Ancestors

Toot

Written by Lem453@lemmy.ca on 2024-11-07 at 00:58

Help with ZFS Array

https://lemmy.ca/post/32471131

=> More informations about this toot | More toots from Lem453@lemmy.ca

Descendants

Written by just_another_person@lemmy.world on 2024-11-07 at 01:03

When you say “the drives for renamed”, do you mean you renamed them while the array was online? That sounds like what this means.

In that case, you can find out which drive is the problem, clear it, and repair the array. Should be pretty quick.
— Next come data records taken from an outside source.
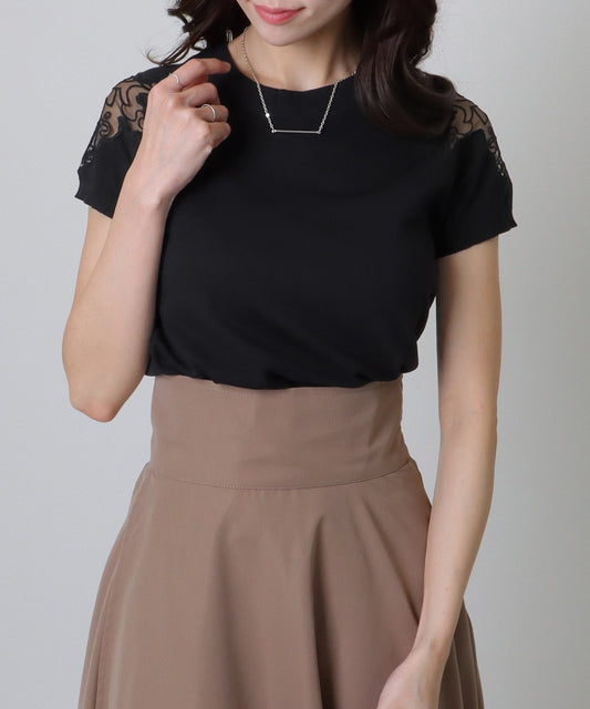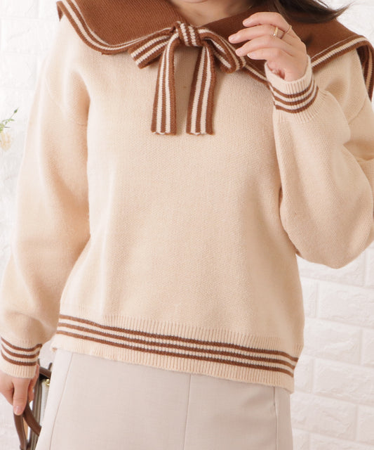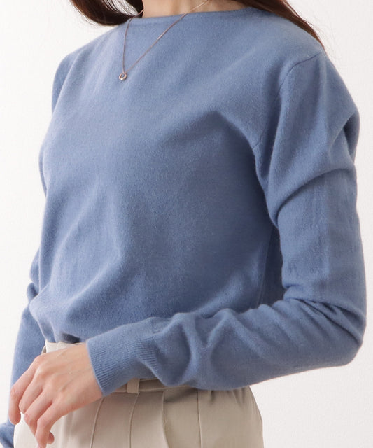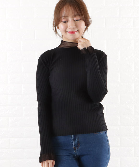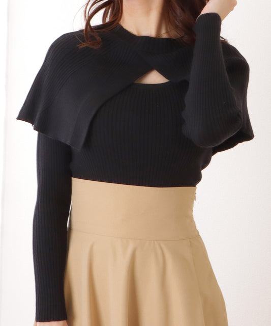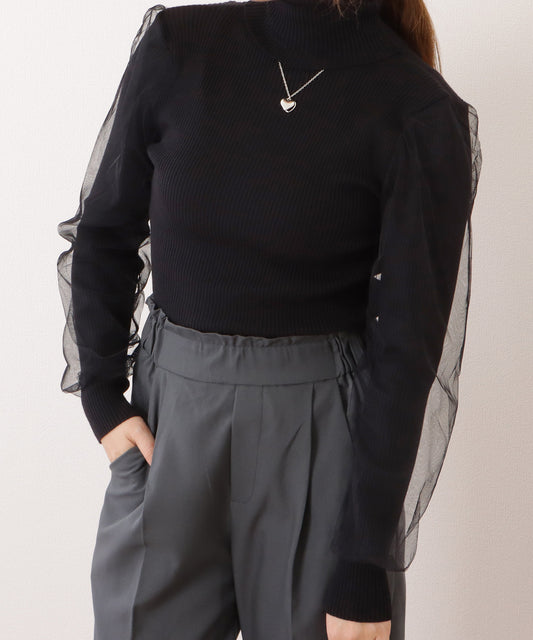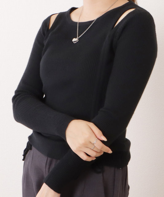 シャーリングリボン付きカットアウトリブニットプルオーバー
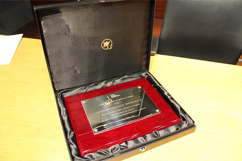 El Departament de Serveis Socials de l'Ajuntament de Sagunt va rebre este dijous a la vesprada un reconeixement al seu servei de mediació per part de l'Il·lustre Col·legi d'Advocats de València, un guardó que entrega esta entitat, a través del seu Centre de Mediació (CMICAV) amb motiu del Dia Europeu de la Mediació.
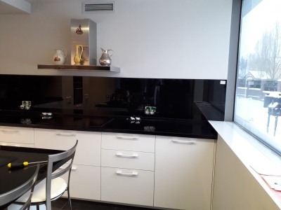 Декоративные панели на мебель отличаются мягким глянцевым блеском. Цветной слой и узор наносятся на обратную сторону стекла, добавляя композиции стильные глянцевые переливы.
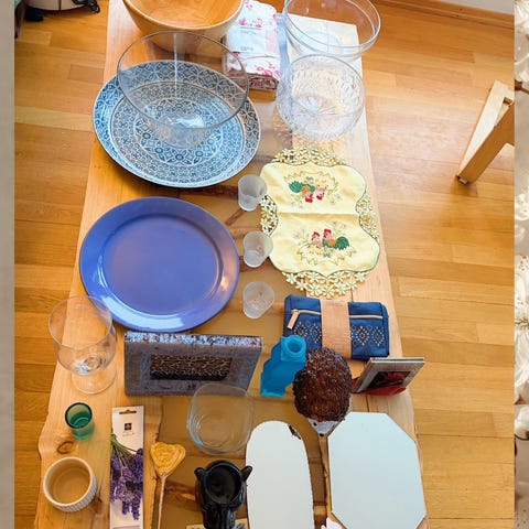 Det er også med flere potter og vaser i keramikk i forskjellige farger som grønn, gul og mørk grå, samt enkelte glassvaser. Produktene kan brukes som telysholdere, lyslykter, små vaser eller dekorative elementer på bord, vinduskarm eller hylle.

=> More informations about this toot | More toots from just_another_person@lemmy.world

Written by Lem453@lemmy.ca on 2024-11-07 at 02:00

I didn’t rename them. I suspect it happened during a reboot or maybe a bios update that I may have done last month.

How do I clear or repair it?

=> More informations about this toot | More toots from Lem453@lemmy.ca

Written by just_another_person@lemmy.world on 2024-11-07 at 02:25

The device names and aliases in /dev don’t just simply change between reboots. Something else happened here.

What are the path or IDs of the drives that are in there now under /dev/nvme*?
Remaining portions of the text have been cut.